Jakarta,WBN- Setiap tugas adalah sebuah tantangan yang harus diselesaikan secara tuntas, dan memang punya prinsip untuk menuntaskan setiap tugas secara komprehensif dan terintegrasi. Begitu pula saat mendapat tugas langsung dari Presiden Joko Widodo untuk fokus mengawal secara ketat perkembangan penanganan kasus COVID-19 di 8 Provinsi, yang memiliki jumlah kumulatif kasus tertinggi, ungkap Luhut Binsar Panjaitan.

“Setelah mendapat mandat penting ini, saya langsung berkoordinasi bersama Pemprov DKI, Jabar, Jateng, dan Jatim lewat Rakor Lanjutan yang dilaksanakan hari ini dan akan diikuti empat Provinsi lainnya pada esok hari.
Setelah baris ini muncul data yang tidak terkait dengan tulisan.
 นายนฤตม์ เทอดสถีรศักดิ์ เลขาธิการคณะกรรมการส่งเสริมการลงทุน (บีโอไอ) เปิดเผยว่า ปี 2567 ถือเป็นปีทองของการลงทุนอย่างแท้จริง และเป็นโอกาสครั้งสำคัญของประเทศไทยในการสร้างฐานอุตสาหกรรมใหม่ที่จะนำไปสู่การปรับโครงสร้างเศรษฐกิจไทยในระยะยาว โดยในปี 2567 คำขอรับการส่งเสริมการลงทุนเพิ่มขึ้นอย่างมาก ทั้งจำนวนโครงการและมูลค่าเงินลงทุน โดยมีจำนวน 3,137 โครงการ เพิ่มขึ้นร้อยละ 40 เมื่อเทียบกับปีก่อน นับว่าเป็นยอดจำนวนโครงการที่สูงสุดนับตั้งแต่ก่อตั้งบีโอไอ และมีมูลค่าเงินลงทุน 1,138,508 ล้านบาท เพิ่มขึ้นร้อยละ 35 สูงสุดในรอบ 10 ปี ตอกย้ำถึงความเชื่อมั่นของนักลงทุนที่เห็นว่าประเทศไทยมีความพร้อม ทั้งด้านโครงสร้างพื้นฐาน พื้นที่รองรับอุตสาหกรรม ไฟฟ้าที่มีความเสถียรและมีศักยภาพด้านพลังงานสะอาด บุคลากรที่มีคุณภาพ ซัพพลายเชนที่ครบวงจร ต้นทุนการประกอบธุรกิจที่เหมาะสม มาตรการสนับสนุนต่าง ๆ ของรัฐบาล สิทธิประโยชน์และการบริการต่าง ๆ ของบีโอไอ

Satu pesan Presiden yang disampaikan kepada saya dan jajaran Lembaga dan Kementerian terkait yang diberi tugas saat itu adalah untuk menurunkan jumlah kasus dalam waktu dua minggu. Saya menganggap ini sebagai tugas yang cukup menantang mengingat ketiga provinsi tersebut punya tren angka kenaikan jumlah kasus yang cukup tinggi diantara provinsi lainnya di Indonesia”terangnya.

“Saya memilih untuk melakukan dua hal. Pertama, memaksimalkan peran TNI dan Polri dalam membantu Gubernur. Saya meminta Pangdam dan Kapolda benar-benar membantu Gubernur dan terlibat aktif dalam meningkatkan kedisiplinan masyarakat, karena inilah yang benar-benar kita butuhkan. Kepada masing-masing kepala daerah, saya meminta fokus pada titik-titik rawan atau “zona merah” di masing-masing daerah untuk dilakukan penanggulangan lewat Kerjasama yang sinergis antara Pangdam dan Kapolda bersama para Gubernur sehingga nantinya akan langsung menentukan titik rawan yang perlu dilakukan penegakan disiplin protokol kesehatan,ujar Luhut Binsar Panjaitan.
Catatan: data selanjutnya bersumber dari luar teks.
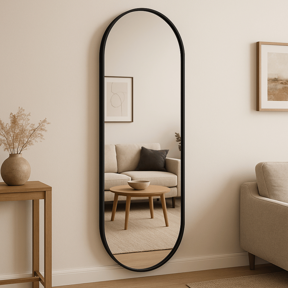 Espelho Oval Lopazzi Grande Corpo Inteiro 150x50cm Com Moldura Alumínio Para Quarto Sala Decorativo

“Kedua, saya meminta kepada Pangdam dan Kapolda untuk mengecek keakuratan setiap data di masing-masing kabupaten dan kota yang menunjukkan variable jumlah kasus, jumlah angka kesembuhan, tingkat kematian. Juga data untuk masing-masing kluster penyebaran yang diklasifikasikan menjadi beberapa sub kluster besar ; Perkantoran, Keluarga, Pasar, maupun titik-titik keramaian yang lain. Karena ternyata setelah saya teliti, ada banyak kasus OTG yang masih berada di rumah sakit. Hal ini menurut saya menghambat beberapa pasien yang bergejala berat. Saya juga memandang pentingnya sinkronisasi data berupa angka antara Kemenkes dan Dinas Kesehatan di beberapa daerah, data ini tidak boleh berbeda karena akan berkaitan dengan langkah kebijakan yang diambil pun nantinya juga akan berbeda. Saya ingin tidak ada manipulasi angka di lapangan, harus angka asli alias “real number” karena ini berhubungan dengan pembuatan rencana pembangunan pusat-pusat karantina untuk isolasi pasien OTG dan gejala ringan terutama di DKI Jakarta. Demi menghindari isolasi mandiri di rumah yang berpotensi menularkan penyakit kepada keluarga yang lain”,ungkapnya.

“Saya ingin seluruh pimpinan daerah tidak segan mengambil kebijakan dan tindakan yang tegas dan keras untuk mendisiplinkan penerapan protokol kesehatan, guna mencegah jumlah kasus yg terus bertambah. Dalam kesempatan ini pula, saya dan para Gubernur bersepakat untuk kompak menanggulangi pandemi ini, jangan sampai ada yang saling menyalahkan. Meskipun ada perbedaan satu maupun dua data terkait penanganan pandemi, ini adalah hal yang biasa dan bisa diselesaikan dengan koordinasi dan sinergi yang tertib. Karena yang lebih penting adalah keselamatan jiwa seluruh masyarakat Indonesia. Saya juga sampaikan untuk menjaga sinergi dan koordinasi ini selama 3 bulan ke depan sampai kita mendapatkan vaksin yang kurang lebih jumlahnya sekitar 30 juta dosis dan kira-kira akan tersedia di bulan November-Desember. Saya juga berencana akan mengunjungi beberapa titik pengawasan dan pengetatan yang tersebar di 8 provinsi tersebut. Untuk itu saya minta kepada masing-masing daerah agar mengkaji peraturan pembatasan sosial secara ketat, saya ingin tidak ada kegiatan yang melibatkan keramaian dan juga meminta untuk dilakukan pembubaran kerumunan pada jam waktu tertentu”,jelasnya.

“Di akhir, saya tak henti-hentinya mengingatkan seluruh masyarakat Indonesia untuk lebih disiplin dalam mematuhi protokol kesehatan yang berlaku. Mencuci tangan, memakai masker, dan menjauhi kerumunan bukan lagi sebuah himbauan, melainkan sebuah kewajiban yang harus kita lakukan selama beberapa bulan ke depan. Karena dengan mematuhi protokol kesehatan secara disiplin, bersatu untuk saling menjaga keselamatan satu sama lain, kita bisa membantu ibu pertiwi untuk pulih dari pandemi”, kunci Luhut Binsar Panjaitan.